I've run into a compiler error when attempting to implement an interface twice for the same class like so:
public class Mapper<T1, T2> : IMapper<T1, T2>, IMapper<T2, T1>
{
/* implementation for IMapper<T1, T2> here. */
/* implementation for IMapper<T2, T1> here. */
}
The error:
'Mapper' cannot implement both 'IMapper' and 'IMapper' because they may unify for some type parameter substitutions.
Why does this workaround work? I'm wondering if I've solved the problem or just tricked the compiler.
public class Mapper<T1, T2> : MapperBase<T1, T2>, IMapper<T1, T2>
{
/* implementation for IMapper<T1, T2> here. */
}
public class MapperBase<T1, T2> : IMapper<T2, T1>
{
/* implementation for IMapper<T2, T1> here. */
}
EDIT: I've updated MyClass
, MyClassBase
, and IMyInterface
to Mapper
, MapperBase
, and IMapper
to represent a more real-world scenario where this issue may present itself.
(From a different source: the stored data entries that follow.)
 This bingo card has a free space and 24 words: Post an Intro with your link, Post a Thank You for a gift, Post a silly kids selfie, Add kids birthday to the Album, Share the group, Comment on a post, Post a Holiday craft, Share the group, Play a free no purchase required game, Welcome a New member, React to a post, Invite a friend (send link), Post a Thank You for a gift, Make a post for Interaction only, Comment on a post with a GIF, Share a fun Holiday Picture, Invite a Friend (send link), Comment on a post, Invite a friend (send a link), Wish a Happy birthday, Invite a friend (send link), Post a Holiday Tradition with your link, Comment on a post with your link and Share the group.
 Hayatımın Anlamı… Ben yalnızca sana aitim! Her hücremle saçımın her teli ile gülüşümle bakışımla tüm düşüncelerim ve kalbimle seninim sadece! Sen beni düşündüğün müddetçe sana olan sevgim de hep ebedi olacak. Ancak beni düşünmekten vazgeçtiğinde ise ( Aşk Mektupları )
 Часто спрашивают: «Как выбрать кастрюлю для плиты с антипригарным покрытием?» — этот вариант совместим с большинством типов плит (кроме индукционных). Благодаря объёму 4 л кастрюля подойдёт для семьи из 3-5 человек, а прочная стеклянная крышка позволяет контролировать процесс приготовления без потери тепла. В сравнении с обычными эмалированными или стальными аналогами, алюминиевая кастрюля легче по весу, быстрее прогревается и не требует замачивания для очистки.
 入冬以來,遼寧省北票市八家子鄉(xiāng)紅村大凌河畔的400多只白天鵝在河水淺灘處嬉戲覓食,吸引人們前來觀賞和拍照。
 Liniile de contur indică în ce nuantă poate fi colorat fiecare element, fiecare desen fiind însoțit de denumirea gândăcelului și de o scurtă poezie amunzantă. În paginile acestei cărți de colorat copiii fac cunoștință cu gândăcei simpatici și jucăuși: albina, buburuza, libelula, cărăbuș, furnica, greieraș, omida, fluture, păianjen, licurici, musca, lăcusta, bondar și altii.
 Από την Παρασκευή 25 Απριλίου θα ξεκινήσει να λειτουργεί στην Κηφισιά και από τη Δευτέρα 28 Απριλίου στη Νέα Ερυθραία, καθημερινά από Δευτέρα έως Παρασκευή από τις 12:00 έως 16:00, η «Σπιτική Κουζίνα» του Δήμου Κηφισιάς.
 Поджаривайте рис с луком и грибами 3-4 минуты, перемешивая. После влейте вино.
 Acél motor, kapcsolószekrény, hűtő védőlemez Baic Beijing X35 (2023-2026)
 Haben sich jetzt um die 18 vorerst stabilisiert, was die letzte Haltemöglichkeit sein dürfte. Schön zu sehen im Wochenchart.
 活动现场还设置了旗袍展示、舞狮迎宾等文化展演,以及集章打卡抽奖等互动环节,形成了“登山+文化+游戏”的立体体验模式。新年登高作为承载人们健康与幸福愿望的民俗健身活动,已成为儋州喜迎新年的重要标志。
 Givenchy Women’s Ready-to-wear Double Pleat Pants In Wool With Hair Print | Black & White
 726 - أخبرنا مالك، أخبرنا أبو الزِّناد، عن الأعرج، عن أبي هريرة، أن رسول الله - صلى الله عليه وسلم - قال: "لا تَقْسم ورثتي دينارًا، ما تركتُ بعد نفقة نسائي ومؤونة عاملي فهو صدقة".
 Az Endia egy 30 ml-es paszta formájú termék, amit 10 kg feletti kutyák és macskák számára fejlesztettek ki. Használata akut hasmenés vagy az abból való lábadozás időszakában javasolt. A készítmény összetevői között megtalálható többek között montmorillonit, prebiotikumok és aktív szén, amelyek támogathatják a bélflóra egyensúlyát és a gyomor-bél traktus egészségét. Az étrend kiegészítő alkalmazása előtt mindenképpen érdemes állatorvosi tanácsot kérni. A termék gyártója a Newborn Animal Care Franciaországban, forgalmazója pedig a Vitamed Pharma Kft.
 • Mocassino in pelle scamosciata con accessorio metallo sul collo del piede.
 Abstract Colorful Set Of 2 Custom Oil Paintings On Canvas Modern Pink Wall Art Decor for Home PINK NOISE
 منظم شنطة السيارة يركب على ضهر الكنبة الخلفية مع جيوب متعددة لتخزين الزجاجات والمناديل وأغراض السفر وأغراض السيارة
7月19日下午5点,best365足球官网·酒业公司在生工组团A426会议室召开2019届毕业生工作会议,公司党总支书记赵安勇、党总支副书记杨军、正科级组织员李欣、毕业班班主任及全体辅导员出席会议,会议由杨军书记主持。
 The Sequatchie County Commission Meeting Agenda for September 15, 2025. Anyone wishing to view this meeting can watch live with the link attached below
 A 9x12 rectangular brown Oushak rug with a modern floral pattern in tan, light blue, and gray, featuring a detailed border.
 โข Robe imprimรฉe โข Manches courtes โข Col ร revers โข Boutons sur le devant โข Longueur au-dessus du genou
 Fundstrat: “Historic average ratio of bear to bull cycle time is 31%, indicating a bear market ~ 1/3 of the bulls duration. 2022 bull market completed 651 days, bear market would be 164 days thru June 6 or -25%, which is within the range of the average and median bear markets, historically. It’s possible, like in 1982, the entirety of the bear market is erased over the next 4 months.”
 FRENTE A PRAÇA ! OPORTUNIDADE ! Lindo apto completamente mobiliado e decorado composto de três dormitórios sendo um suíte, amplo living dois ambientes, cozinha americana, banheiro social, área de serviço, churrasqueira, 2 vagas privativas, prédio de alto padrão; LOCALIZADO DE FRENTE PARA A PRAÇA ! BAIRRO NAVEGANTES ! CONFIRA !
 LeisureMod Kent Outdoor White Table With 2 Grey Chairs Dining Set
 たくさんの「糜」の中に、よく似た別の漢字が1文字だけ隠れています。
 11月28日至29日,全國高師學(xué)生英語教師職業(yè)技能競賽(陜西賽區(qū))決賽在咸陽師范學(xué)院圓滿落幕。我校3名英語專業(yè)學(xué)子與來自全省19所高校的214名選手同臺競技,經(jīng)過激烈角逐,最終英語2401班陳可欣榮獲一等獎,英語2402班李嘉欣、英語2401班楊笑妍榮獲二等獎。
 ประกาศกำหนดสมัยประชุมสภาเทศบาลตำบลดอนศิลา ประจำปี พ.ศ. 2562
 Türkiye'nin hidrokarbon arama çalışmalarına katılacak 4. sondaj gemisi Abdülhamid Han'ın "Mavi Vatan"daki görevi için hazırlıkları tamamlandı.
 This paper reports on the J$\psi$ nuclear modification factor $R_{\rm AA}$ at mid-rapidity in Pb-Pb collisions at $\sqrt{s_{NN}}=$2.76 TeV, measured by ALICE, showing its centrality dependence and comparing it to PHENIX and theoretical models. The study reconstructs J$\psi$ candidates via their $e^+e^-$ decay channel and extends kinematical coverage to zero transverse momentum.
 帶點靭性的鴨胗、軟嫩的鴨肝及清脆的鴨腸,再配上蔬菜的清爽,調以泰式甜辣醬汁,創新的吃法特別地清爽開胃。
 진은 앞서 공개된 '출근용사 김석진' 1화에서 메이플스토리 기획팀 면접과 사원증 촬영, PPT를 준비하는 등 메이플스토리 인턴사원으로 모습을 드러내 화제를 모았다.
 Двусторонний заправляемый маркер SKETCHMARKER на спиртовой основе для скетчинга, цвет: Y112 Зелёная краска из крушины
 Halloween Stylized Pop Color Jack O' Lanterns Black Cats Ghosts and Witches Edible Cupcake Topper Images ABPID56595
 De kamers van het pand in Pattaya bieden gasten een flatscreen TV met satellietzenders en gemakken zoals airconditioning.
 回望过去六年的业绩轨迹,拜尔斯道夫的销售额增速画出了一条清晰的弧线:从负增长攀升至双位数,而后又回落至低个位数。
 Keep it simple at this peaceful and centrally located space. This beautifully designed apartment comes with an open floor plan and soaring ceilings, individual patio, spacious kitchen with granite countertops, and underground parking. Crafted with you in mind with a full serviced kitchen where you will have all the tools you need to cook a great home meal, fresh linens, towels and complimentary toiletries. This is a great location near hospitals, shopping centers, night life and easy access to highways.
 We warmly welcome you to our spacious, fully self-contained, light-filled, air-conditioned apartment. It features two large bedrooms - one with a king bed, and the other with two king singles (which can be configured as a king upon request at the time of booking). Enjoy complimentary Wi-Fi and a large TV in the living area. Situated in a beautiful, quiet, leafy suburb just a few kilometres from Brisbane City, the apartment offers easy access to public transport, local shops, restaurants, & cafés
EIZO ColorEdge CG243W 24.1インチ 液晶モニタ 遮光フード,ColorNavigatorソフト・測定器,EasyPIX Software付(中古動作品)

Consider this implementation:
public class MyClass<T1, T2> : IMyInterface<T1, T2>, IMyInterface<T2, T1>
{
/* implementation for IMyInterface<T1, T2> here. */
/* implementation for IMyInterface<T2, T1> here. */
}
What does MyClass<int, int>
implement? It implements IMyInterface<int, int>
twice, because IMyInterface<T1, T2>
and IMyInterface<T2, T1>
unify when T1
and T2
are equal. That's why implementing both IMyInterface<T1, T2>
and IMyInterface<T2, T1>
on the same class is disallowed. The same reasoning would apply if you tried to implement, for example, IMyInterface<int, T1>
and IMyInterface<T2, double>
: the type expressions unify for T1 = double, T2 = int
.
Consider this implementation:
public class MyClass<T1, T2> : MyClassBase<T1, T2>, IMyInterface<T1, T2>
{
/* implementation for IMyInterface<T1, T2> here. */
}
public class MyClassBase<T1, T2> : IMyInterface<T2, T1>
{
/* implementation for IMyInterface<T2, T1> here. */
}
What you've done is place a priority on IMyInterface<T1, T2>
over IMyInterface<T2, T1>
. In the event that T1
and T2
are equal and you have an instance of MyClass<T1, T2>
, the IMyInterface<T1, T2>
implementation will be selected. If you have an instance of MyBaseClass<T1, T2>
, the IMyInterface<T2, T1>
implementation will be selected.
Here's a toy program that shows you the behaviors. In particular notice the behavior of a_as_i.M(0, 1)
and a_as_b.M(0, 1)
. If you were to implement I<T2, T1>
explicitly on B<T1, T2>
(by prefixing the method name with I<T2, T1>.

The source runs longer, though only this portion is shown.